Below: How does one park to take photos when there isn't anywhere legal to park? Like this, of course, on the roadway!! The Aussie flag flying from the bike makes people forgive indiscretions rather easily, methinks!

Below: The restored section of Kenilworth Castle which dates from the 1300s, the majority of which is now in ruins, followed by various shots of the derelict castle ruins.

Below the icons from the emblem of the Earl of Kenilworth - the Bears and Staff

Then it was on to Meriden, in times past the home of Triumph motorcycle manufacturing, which has now moved to Hinkley, near Jack's Hill Cafe. The photo below is of a cairn erected in the honour of (bi)cyclists, fallen in WW2. Meriden has long been known as the centre of England, with the lower photo showing the marker for same. But with the advent of GPS, it has now been proven that the actual centre of the country is in a field, not all that far from the marker. Which just goes to show how clever people were in times past, making such critical calculations with basic instruments.
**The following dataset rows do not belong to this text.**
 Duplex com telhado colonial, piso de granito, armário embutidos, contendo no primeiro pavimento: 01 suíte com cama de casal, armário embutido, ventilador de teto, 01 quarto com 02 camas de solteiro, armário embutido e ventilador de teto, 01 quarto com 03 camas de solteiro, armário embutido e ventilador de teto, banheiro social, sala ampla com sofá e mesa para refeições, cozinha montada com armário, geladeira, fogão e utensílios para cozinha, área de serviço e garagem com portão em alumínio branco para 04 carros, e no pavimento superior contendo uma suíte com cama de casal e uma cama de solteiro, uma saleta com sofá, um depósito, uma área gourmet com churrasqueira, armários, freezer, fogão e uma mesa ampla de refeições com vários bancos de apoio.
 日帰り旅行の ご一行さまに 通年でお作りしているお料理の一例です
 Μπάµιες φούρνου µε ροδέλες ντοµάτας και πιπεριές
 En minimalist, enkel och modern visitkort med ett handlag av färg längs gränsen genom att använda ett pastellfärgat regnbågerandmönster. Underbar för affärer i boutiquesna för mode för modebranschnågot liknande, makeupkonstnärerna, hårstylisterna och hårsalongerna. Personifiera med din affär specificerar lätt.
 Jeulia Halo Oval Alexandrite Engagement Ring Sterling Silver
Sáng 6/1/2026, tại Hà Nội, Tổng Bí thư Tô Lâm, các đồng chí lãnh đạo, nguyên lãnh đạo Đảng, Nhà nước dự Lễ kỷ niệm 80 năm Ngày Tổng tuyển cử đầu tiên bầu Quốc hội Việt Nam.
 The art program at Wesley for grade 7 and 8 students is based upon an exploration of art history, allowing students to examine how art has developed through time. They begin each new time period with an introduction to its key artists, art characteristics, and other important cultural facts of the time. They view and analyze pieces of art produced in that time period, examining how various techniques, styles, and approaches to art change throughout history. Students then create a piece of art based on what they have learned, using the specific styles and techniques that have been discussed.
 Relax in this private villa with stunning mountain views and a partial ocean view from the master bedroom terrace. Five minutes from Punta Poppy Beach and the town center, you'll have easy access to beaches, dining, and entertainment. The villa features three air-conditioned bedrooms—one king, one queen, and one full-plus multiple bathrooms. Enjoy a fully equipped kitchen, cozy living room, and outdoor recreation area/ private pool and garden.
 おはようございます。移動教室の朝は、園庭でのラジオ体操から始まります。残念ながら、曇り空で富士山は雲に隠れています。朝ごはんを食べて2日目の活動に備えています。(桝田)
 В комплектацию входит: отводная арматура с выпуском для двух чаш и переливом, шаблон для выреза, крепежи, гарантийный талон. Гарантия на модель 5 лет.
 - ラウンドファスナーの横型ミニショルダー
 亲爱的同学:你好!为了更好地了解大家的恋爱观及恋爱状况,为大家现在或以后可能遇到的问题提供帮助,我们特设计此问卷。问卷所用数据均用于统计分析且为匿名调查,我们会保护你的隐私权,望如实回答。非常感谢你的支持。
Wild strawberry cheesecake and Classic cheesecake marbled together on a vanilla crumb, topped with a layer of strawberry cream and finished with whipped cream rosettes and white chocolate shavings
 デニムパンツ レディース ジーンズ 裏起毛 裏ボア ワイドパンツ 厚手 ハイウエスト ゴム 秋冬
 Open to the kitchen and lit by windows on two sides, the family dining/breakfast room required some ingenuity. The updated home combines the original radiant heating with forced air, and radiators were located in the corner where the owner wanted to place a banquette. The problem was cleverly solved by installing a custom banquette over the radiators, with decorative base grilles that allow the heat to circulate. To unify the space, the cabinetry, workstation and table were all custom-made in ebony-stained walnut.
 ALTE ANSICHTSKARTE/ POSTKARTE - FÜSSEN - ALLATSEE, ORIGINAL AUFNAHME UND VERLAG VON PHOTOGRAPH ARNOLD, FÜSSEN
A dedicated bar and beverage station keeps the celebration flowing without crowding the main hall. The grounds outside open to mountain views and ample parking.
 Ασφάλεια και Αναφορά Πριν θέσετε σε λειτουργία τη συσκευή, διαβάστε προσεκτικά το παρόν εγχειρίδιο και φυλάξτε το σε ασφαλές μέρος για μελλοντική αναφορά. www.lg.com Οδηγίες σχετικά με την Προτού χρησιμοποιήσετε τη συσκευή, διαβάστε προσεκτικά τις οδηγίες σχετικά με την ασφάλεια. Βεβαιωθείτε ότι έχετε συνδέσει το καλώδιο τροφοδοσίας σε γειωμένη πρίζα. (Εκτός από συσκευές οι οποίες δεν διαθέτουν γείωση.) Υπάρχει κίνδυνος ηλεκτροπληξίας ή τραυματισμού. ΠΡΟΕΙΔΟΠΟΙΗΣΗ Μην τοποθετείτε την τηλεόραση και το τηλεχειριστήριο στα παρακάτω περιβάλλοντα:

It was time for home, and so we arrived at Rob's home, the gorgeous little Vergers Cottage which he has renovated beautifully, in the village of Old Arley, in North Warwickshire. Rob escorted me around the exterior of the very old church (1300s) out the back of his home, showing the grooves in the stone block walls and windowsills of the church where the knights sharpened their battleaxes and swords during the Battle of Bosworth, back in the 1400s.

Rob's partner, Stacey, arrived home shortly after, in time for Rob to show off his culinary skills - a great noodle dish featuring duck. Yummy!